> _Task brief_
In the listing below, locate the line containing "1) Persoonlijke beschermingsmiddelen" and copy it and every line after it through the end, exactly as written, leaving out any pictures.

> _Data shown_
--- START ---
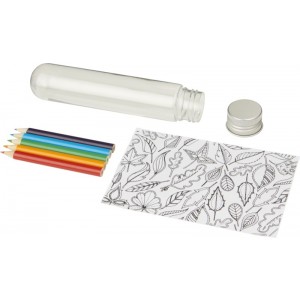 Cami mini doodling set in tube. Set includes 5 coloured pencils and 5 colouring sheets inside a plastic tube with screw-on, metal lid. PE Plastic, Poplar wood.
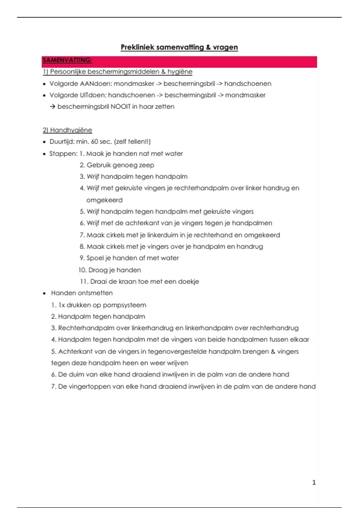 1) Persoonlijke beschermingsmiddelen & hygiëne
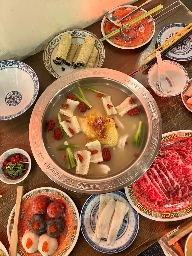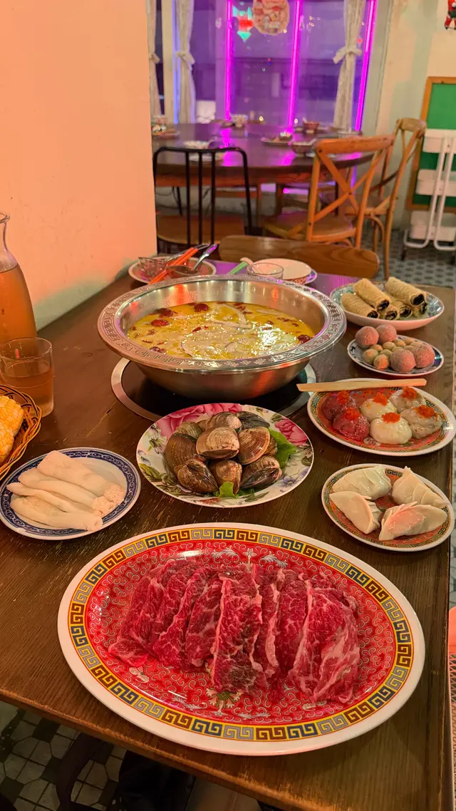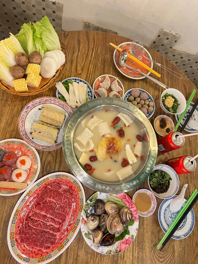 銅鑼灣懷舊火鍋冬天到了,又是火鍋的季節,網上見到呢間餐廳有充滿懷舊香港90年代特色的打卡火鍋,門面的餐牌色彩繽紛非常吸引,平日晚上非常熱鬧,用餐時間兩小時。服務不錯、侍應樂於幫忙裝修以90年代舊式港式火鍋店為主,座位不多,環境非常熱鬧~提供紙巾,精選二人套餐每位$398,另收+1服務費,已包括兩罐飲品或以優惠+$15轉冬瓜茶、酸梅湯、洛神花茶一瓶,點了竹蔗茅根清甜清熱解毒湯底選了椰子燉雞湯半隻熟雞,食雞有雞味,雞肉嫩滑,還有充滿椰子的香氣。湯底很濃郁,可以先喝湯,再火鍋大刀手切本地牛頸脊肥瘦適中,牛味濃郁十下三寶滑墨魚滑、蝦滑肥美大沙白超大隻蟹肉蟹粉餃x4皮薄多餡,小心燙口醬爆瀨尿牛丸小心爆漿燙口紫菜響鈴非常吸湯懷舊果皮魚蛋細細粒很可愛頂級野生竹笙大大條蔬菜拼盤有生菜娃娃菜蘿蔔粟米和菇菌新鮮爽脆服務質素:8/10環境舒適度:7/10ᶘ ᵒᴥᵒᶅ個人口味評分:7/10 …查看更多
--- END ---
> _Task result_
 1) Persoonlijke beschermingsmiddelen & hygiëne
 銅鑼灣懷舊火鍋冬天到了,又是火鍋的季節,網上見到呢間餐廳有充滿懷舊香港90年代特色的打卡火鍋,門面的餐牌色彩繽紛非常吸引,平日晚上非常熱鬧,用餐時間兩小時。服務不錯、侍應樂於幫忙裝修以90年代舊式港式火鍋店為主,座位不多,環境非常熱鬧~提供紙巾,精選二人套餐每位$398,另收+1服務費,已包括兩罐飲品或以優惠+$15轉冬瓜茶、酸梅湯、洛神花茶一瓶,點了竹蔗茅根清甜清熱解毒湯底選了椰子燉雞湯半隻熟雞,食雞有雞味,雞肉嫩滑,還有充滿椰子的香氣。湯底很濃郁,可以先喝湯,再火鍋大刀手切本地牛頸脊肥瘦適中,牛味濃郁十下三寶滑墨魚滑、蝦滑肥美大沙白超大隻蟹肉蟹粉餃x4皮薄多餡,小心燙口醬爆瀨尿牛丸小心爆漿燙口紫菜響鈴非常吸湯懷舊果皮魚蛋細細粒很可愛頂級野生竹笙大大條蔬菜拼盤有生菜娃娃菜蘿蔔粟米和菇菌新鮮爽脆服務質素:8/10環境舒適度:7/10ᶘ ᵒᴥᵒᶅ個人口味評分:7/10 …查看更多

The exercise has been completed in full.